To summarize the previous architechture, we have embedded our sequence of waveform observations $X = {(\Delta t_i,W_i)}|{i=1}^{n{obs}}$ independently into a sequence of events $Z$ in a lower-dimensional space. This sequence is then iterated over by a RNN to generate a series of context states $C$.

Defining the probability model

We can now define the likelihood of our observations. Qualitatively, we can define the probability of each observation as a spike with the given waveform $W_i$ with a wait time of $\Delta t_i$, with no other spike events during that wait time. This can be written as $P(X_i) = P(W_i,\omega=\Delta t_i) * \Pi _{j\neq i}P(W_j, \omega > \Delta t_i)$ where $\omega$ is the wait time for an event.

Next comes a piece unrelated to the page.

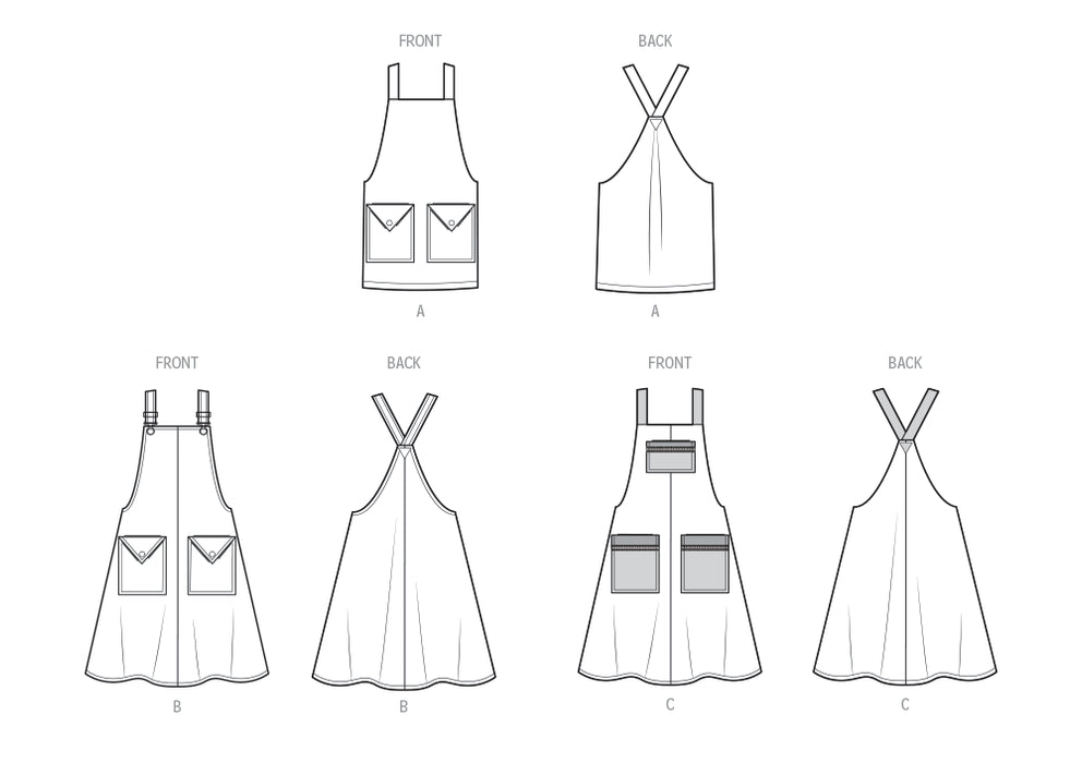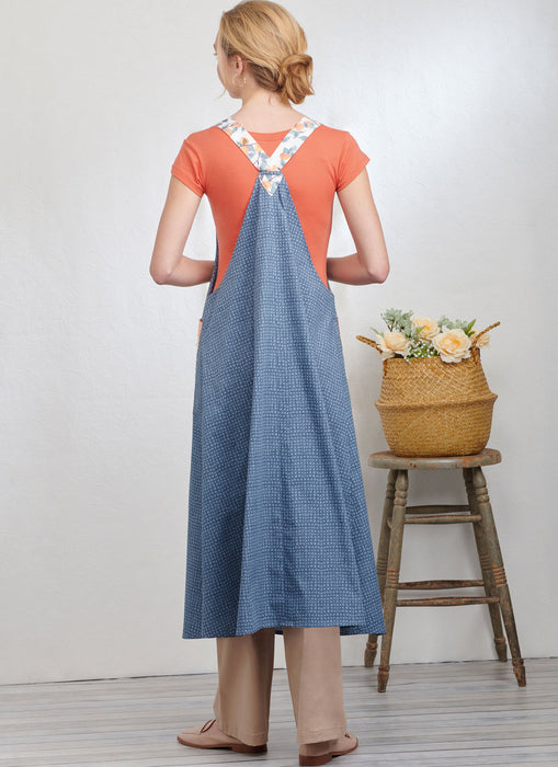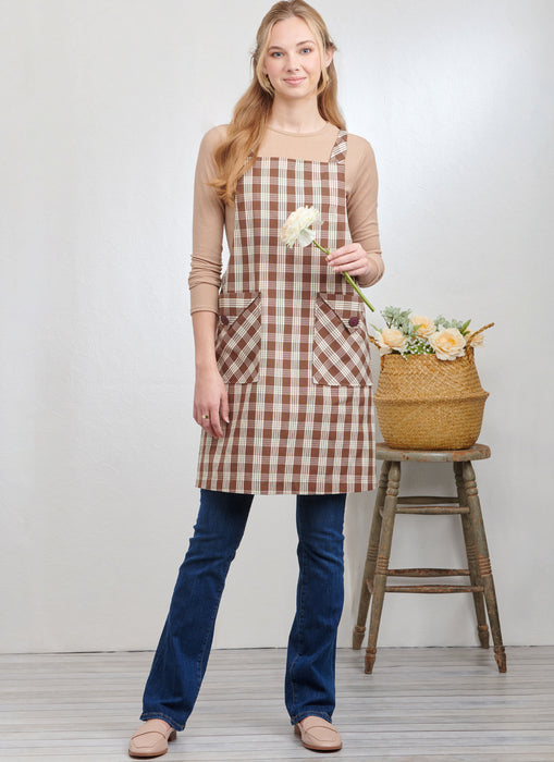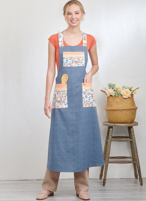 Easy to sew pullover aprons have patch pockets, shoulder straps with overalls-inspired back and triangular patch accent. View A above knee length straight apron has pockets with mock flap styling and button trim. Views B and C flared aprons fall to mid-calf length; design options include overall buckle closure and pockets with mock flap styling, or contrast straps, contrast pockets with bands and flat lace trim. See envelope for more information.

Notes on training hyperparameters

  • n_neg_samples:

    • Low values: less specific prediction required. Need to know when rates are high, but less sensitive to false positives.
    • High values: requires more precision when predicting when a unit fires. Loss term is much more punished for predicting high rates at innappropriate times
  • batch size:

    • Changes what you're loss is contrasting against:
    • High values: Requires that spikes from a trial are different from different states and differnet trials. Less pressure for contrast within-trial
    • Low Values: More of the contrastive loss comes from within-trial spikes. Model has to learn more about difference over time in a trial
  • Recommended training Protocol

    • annealing of n_neg_samples:
      • Start with low value (e.g. 8) to allow model to learn general rates and embeddings. Allow to train until improvement <1%
      • Double n_neg_samples and train until stable
      • Repeat up to max value (128)
    • Preliminary: batch_size
      • Run protocol above once with batch_size=64 to learn general structure
      • Repeat protocol with batch_size=8 for refiniment of within trial changes
      • TODO: verify whether the initial stage is necessary.